Yet at this crisis in our affairs, with the generation-long embrace of the neo-liberal “Washington consensus” producing a huge and utterly predictable political and economic crisis across the west, what topics are really animating the British people and their representatives, if the day-to-babble of Westminster politics is to be believed? Why, the hunt for the fierce, bad benefit claimants who are supposedly draining our economy, and for the immigrants who have supposedly taken our jobs and houses, combined with a revolt against the European Union which has the temerity to inspect our oil companies properly for alleged price-fixing practices, and to insist that EU workers should not be forced to work more than 48 hours a week.

Now in every case, the set of beliefs being peddled about these issues is false, and easily disprovable. Benefit fraud, for example, at around £1 billion a year, is a mere drop in the ocean compared with the massive avoidance of tax by those who could easily afford to pay. Yet day after day, a kind of surreal macho dialogue about who can be “toughest” over these essentially fictional issues utterly dominates Westminster politics; while the economy flatlines, decent working people lie awake at night worrying over the financial consequences of an economic crash for which they are not responsible, and – somewhere in the background – our beautiful planet begins to burn and die, because we lack the political sense and sinew to act to save it.

To say that this is an unpleasant sight is to understate the case. It is not only morally disgraceful in its “othering” and scapegoating of vulnerable groups; it is also intellectually contemptible, almost militantly stupid. Only a fool could seriously believe that the ragbag of policies currently being proposed by the Westminster government on Europe, migration or benefits has anything to do with tackling the UK’s real problems; and every voter who has fallen for this ancient boss-class scam bears some responsibility for their own gullibility and intellectual laziness.

In the end, though, the main fault has to lie with the vacuum of political leadership that has been allowed to grow up on the centre-left of British politics, since the 1980’s; when the chips are down, there can be no serious or substantive political debate among three right-of-centre parties – Labour, the Conservatives, and the Liberal Democrats – who all agree that the deficit lie is sacrosanct, who all take the corporate shilling, and who all think that myths about immigrants and benefit scroungers should be flattered and acted upon rather than challenged.

This week, I headed along to the King’s Theatre in Edinburgh to see The Pitmen Painters, the great 2007 play by Billy Elliot writer Lee Hall about the Ashington Group, a band of four Durham miners who briefly became the toast of the art world in the 1930s. It’s a sentimental play, in many ways; but it is salutary to remember a time when at least some of Britain’s working people organised to educate themselves, to analyse the economy they lived in, and to raise themselves up by their own collective bootstraps. And they achieved change, of course – notably in 1945 – through a Labour Party created to represent their interests, in the highest corridors of British power.

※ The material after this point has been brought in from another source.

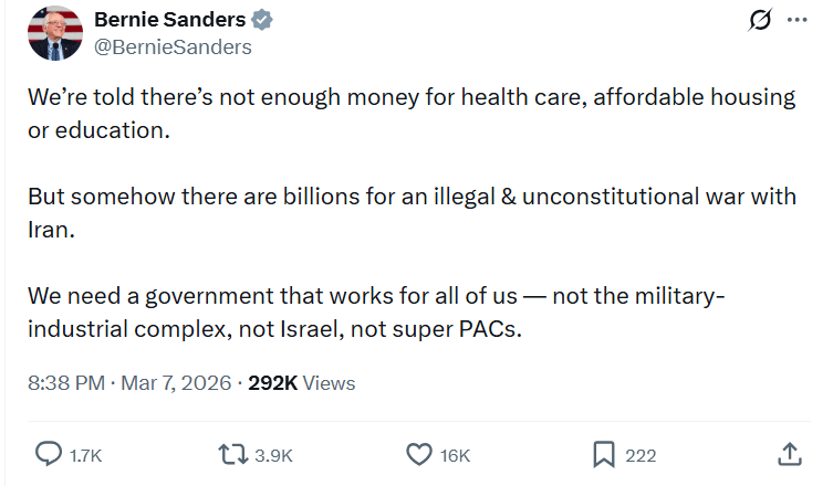 Bernie Sanders: We’re told there’s not enough money for health care, affordable housing or education. But somehow there are billions for an illegal & unconstitutional war with Iran.

Whether Labour can ever become that party again – can ever end its cringe-making Blairite love-affair with global capitalism at its most foolish, can ever stop apologising for its trade union connections, can ever focus once again on the task of representing ordinary British workers and consumers, rather than those who would exploit them – is a matter of debate. What’s clear, though, is that it is not that party now, and has not been, for the last 20 years. And if it fails to change the political game before the next Westminster election – or, at best, the one after that – then the Labour Party will not only have helped seal the fate of what is, regardless of next year’s referendum result, an increasingly strained union between England and the rest of the UK; it will have written its own obituary, as a party whose continuing existence has any point at all.